__What you should do__: Set each line of the material below down word for word, from the first through the line that holds "もうすぐプールでの学習が始ま", but not the pictures.

__Data block__:
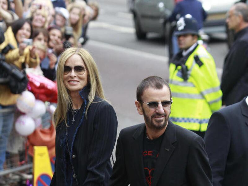 Starr's first marriage also ended in divorce, but he has had a long, stable union with his second wife, the actress Barbara Bach, who joined him at Sunday's ceremony.
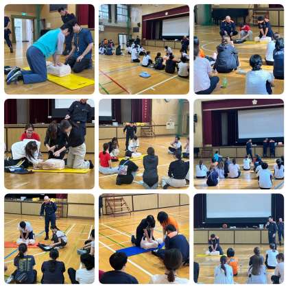 もうすぐプールでの学習が始まります。万が一の事故に備えて、救急救命研修を実施しました。消防署の方を講師にお招きし研修を行いました。ビデオで応急処置について学習し、胸骨圧迫の方法とAEDの使い方について実践していきました。研修を行っておりますが、この研修内容を活用することが無いように、安全に注意してプールでの学習に取り組んでいきたいと思います。
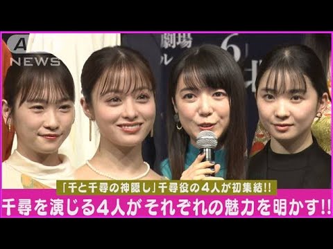 周りに突き動かされてこう進んでいく姿 みたいなのがめちゃくちゃ応援したくなる んですよお稽古場でちょっと間違えちゃっ た時のリアクションがめっちゃ千ひろです 分かる舞台戦と千ひろの神隠しの主人公を 演じ目覚ましい活躍を見せる女優の4人が 初めて集結ですこの4人で揃うていうのは 本当珍しいんじゃないですかはい初めて 初めてか稽古はもうそうなんですよ スケジュール的 4人で集まったの初めてですね初め稽古場 でついに揃わなかったんです同じだけ走っ て転んでやってるのでなんか同士ですね 舞台戦と千の神隠しの制作発表会見が行わ れ初演から主人公の千を演じる橋本神奈 さん上石モさんそして今回から参加となる 川リナさん福知もこさんが揃って登壇同じ 役柄を演じる4人がそれぞれの魅力を 明かしましたりっちゃんとももちゃんの ちひろそしてマリナちゃんのチヒを早く世 にお広めしたくてたまらないですなん だろうな素朴なんだ けど周りに突き動かされてこう進んでいく 姿みたいなのがめちゃくちゃ応援したく なるんですよももちゃんはお稽古で ちょっと間違えちゃった時のリアクション がめっちゃちです 分かるこんなすひやる人が本当に ハプニングがも素晴らしいハプニングを たくさん残してくれてそう手あげてわーっ て言うんですよかえさんちゃんから先輩 2人はどんな風に見えてるの先輩って言言 のやめてもらいですかこの先輩たちは本当 にもうかなちゃんはすごく明るく無邪気な 千尋でかつ真の強い女の子っていうのを 演じてて華やかになると言いますか本当に 見てて心踊るような千尋ででモネちゃんは 序盤から真の強さみたいなものがすごい 見えていてもモネちゃんもすごく真面目な ので真面目に一生懸命生きる10歳の 女の子っていうのを舞台上で表現している のが本当に2人とももう性格ももうなんか 月と対応ぐらい違くて全然違う2人が なんかこう合わさって言って同じものを 作ってるっていうのを間近で見させて もらうていうすごいうん だと思うので本当にあの学ばせてもらって ますあの日本の方にも世界の方にもあの 思う存分楽しんでいただけたらなという風 に思っておりますありがとうございます 舞台戦と千の神隠しの千ひろを演じる キャスト4人が集結同じ役柄を演じる4人 がそれぞれの魅力を明かすテレビ朝日AI アナウンサーはさとゆいがお伝えしました
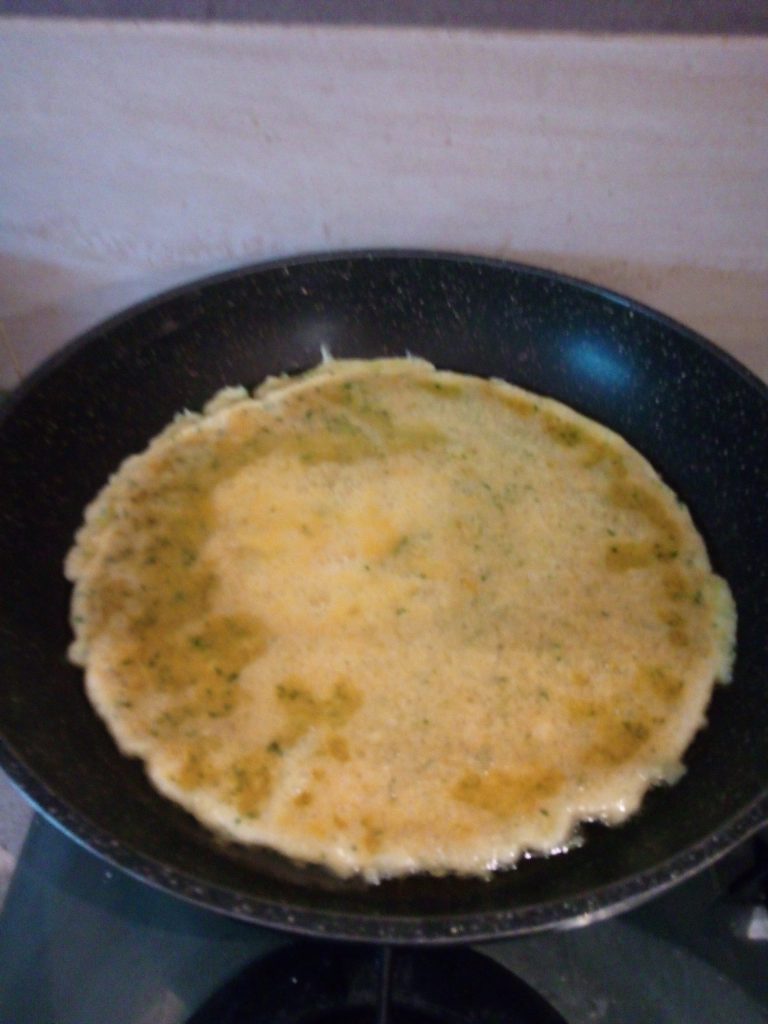 Sobald das Öl in der Pfanne heiß ist, die Eiermasse hineingießen und einige Minuten mit Deckel kochen lassen.

__Written reply__:
 Starr's first marriage also ended in divorce, but he has had a long, stable union with his second wife, the actress Barbara Bach, who joined him at Sunday's ceremony.
 もうすぐプールでの学習が始まります。万が一の事故に備えて、救急救命研修を実施しました。消防署の方を講師にお招きし研修を行いました。ビデオで応急処置について学習し、胸骨圧迫の方法とAEDの使い方について実践していきました。研修を行っておりますが、この研修内容を活用することが無いように、安全に注意してプールでの学習に取り組んでいきたいと思います。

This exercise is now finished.